‘Sampalan’ then and now | Inquirer Opinion
Looking Back

‘Sampalan’ then and now

Quote card for Looking Back: ‘Sampalan’ then and now

Ross Douthat, writing in The New York Times, says that the plunging viewership for the annual Academy Awards is not about the decline of the Oscars but the end of the movies as we know it. The end began two decades ago when I opted for rental videos and discs, watching at home rather than the cinema. Then came the flood of cheap pirated DVDs. A decade ago, I started binging on long-haul flights. Middle Eastern airlines are the best, with hundreds of films on demand keeping me up from Manila to Europe. I begin watching as soon as I get to my seat, not wasting the hour from boarding to take off, and end when I disembark. This way, I can clock in four to five films per flight. Friends now provide whole seasons of content on thumb drives in case I don’t care for the in-flight selections. The final nail in the coffin of cinema viewing came in the form of cable TV and on-demand streaming like Netflix that provides a welcome distraction during the pandemic lockdown.

Short attention span killed the Oscars. Why watch the full three hours when you can get snippets in real-time on Twitter and Facebook? This year’s Oscars will be remembered for Will Smith who, shortly before being awarded Best Actor, got on stage and slapped the comedian who made a joke about his wife’s medically prescribed buzz cut. That slap reminded me of two slaps in Philippine history, one available on YouTube. In November 2000, during the heated debates on the impeachment of then President Joseph Estrada, San Juan Rep. Jose Mari Gonzalez slapped congressional sergeant-at-arms Bayani Fabic on live television. Gonzalez was sued in 2001 and finally sentenced in 2013 to pay P200,000 in damages.

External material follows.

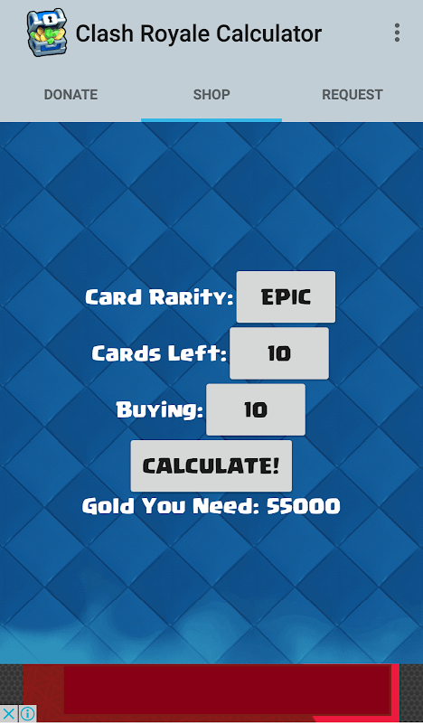 Feature 1: Frequently donates to your clan? Want to see how much you need to donate to earn x amount of gold? We have it made easy for you! Simply enter the gold you need and the application will tell you how much commons you need to donate and also the rares you need to donate.

Alas, we do not have a video of the more famous slap in Philippine history, so we are left with conflicting historical accounts on whether Gen. Antonio Luna slapped Felipe Buencamino Sr. or not. Of our many heroes, the Luna brothers stand out as excellent source material for films because their lives and deaths contain the main ingredients for box office success: love, sex, and passion. Antonio has been immortalized in Jerrold Tarog’s “Heneral Luna” (2015), Juan Luna’s tragic story has yet to be filmed.


I first heard of the Luna slap from Teodoro A. Agoncillo who related how, during a Cabinet meeting in 1899, Antonio Luna called Joaquin Buencamino, who had died in battle, a coward. Rising to his son’s defense, the bereaved Felipe Buencamino Sr. replied by blaming Luna for the loss in the Battle of Bagbag. Luna’s unauthorized withdrawal of soldiers from the battle, to settle a personal score with Gen. Tomas Mascardo, resulted in the enemy crossing Filipino lines. His honor stung, Luna stood up and slapped Buencamino in the face, a very humiliating gesture in the macho Philippines.

Another version of the same event is provided by Vivencio Jose in “The Rise and Fall of Antonio Luna” (1972), which recreates the scene complete with dialogue:


Luna: “There is another traitor whom we should be permitted to eliminate!”

Buencamino: “I deny your accusation; as for me, if there is any traitor among all those who form the government and army of the Republic, it is you because if you had not taken the one thousand soldiers armed with Mauser guns from Calumpit in order to subdue General Mascardo, without permission of the Captain General, until now the American Army would be surrounded at Malolos. This accusation of yours is as false as that denounced by you to Captain General Aguinaldo in relation to my deceased son!”

According to Vivencio Jose, Luna saw red when he heard the word “Bagbag” and lunged at Buencamino, but Severino de las Alas, then interior secretary, caught him by the arm and led him away. Victor Buencamino, son of Felipe Buencamino, noted in his memoirs that it was Aguinaldo, not De las Alas, who prevented the slap: “Luna stood up to hit my father … Aguinaldo interceded, reminding Luna that he was in the presence of the President of the Philippines, and the incident ended there.” In conversation, Aguinaldo confirmed Victor Buencamino’s version, but his 1957 autobiography, “A Second Look at America,” cowritten by Vicente Albano Pacis, refers to the slap. Filipinos love sampalan in movies and history, so was there a slap, an attempted slap, a stopped slap, or no slap at all? That’s a historiographical puzzle.